|Title||Frequency transfer properties of the spike generating mechanism of cat retinal ganglion cells|
|Author(s)||Lankheet, M.J.M.; Molenaar, J.; De Grind, W.A. Van|
|Source||Vision Research 29 (1989)12. - ISSN 0042-6989 - p. 1649 - 1661.|
|Publication type||Refereed Article in a scientific journal|
|Keyword(s)||Cat - Frequency transfer properties - Ganglion cell - Retina - Spike generating mechanism|
The dynamic properties of the spike generating (SG) mechanism of retinal ganglion cells have been studied from intracellular recordings in the cat eye. Intracellularly recorded light flicker responses were separated by computer into spike trains and corresponding generator potentials. Both the spike train and the generator potential responses to temporally modulated light spots were analysed in terms of amplitude and phase plots. The differences in dynamic properties between the two response measures reveal that the SG-mechanism affects the temporal frequency transfer properties of retinal ganglion cells to a considerable extent. With respect to the transfer of the amplitude of the first harmonic the SG-mechanism has differentiating (or high-pass) properties. This means that the responses to high temporal stimulus frequencies are amplified relatively much more than are the responses to lower frequencies.

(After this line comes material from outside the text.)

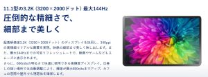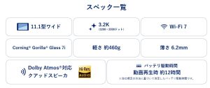 【画面サイズ】11.1インチ3.2K(3,200×2,000)・ワイドLED広視野角ディスプレイ(Dolby Vision対応・ピーク輝度800nits・Gorila Glass 7i・リフレッシュレート最大144Hz

Furthermore, the SG-mechanism causes a phase lead of the spike train response relative to the generator potential by, on average, 37 degrees. The measured frequency responses, among other things, have been used to verify and to quantify the SG-model that we proposed in a previous paper (Lankheet, Molenaar & van de Grind, 1989). With this model it proved possible to reproduce the spike train responses as model output from the corresponding measured generator potentials as model input. A good qualitative and quantitative correspondence between model output and the measured spike trains was obtained for a wide range of stimulus frequencies and with fixed values of the model parameters. With parameter values that optimized this correspondence the model allowed us to investigate the dynamic behaviour of the SG-mechanism in more detail. It also provides a reliable and validated method to predict the shape of the generator potential from the spike train (the "inversion problem").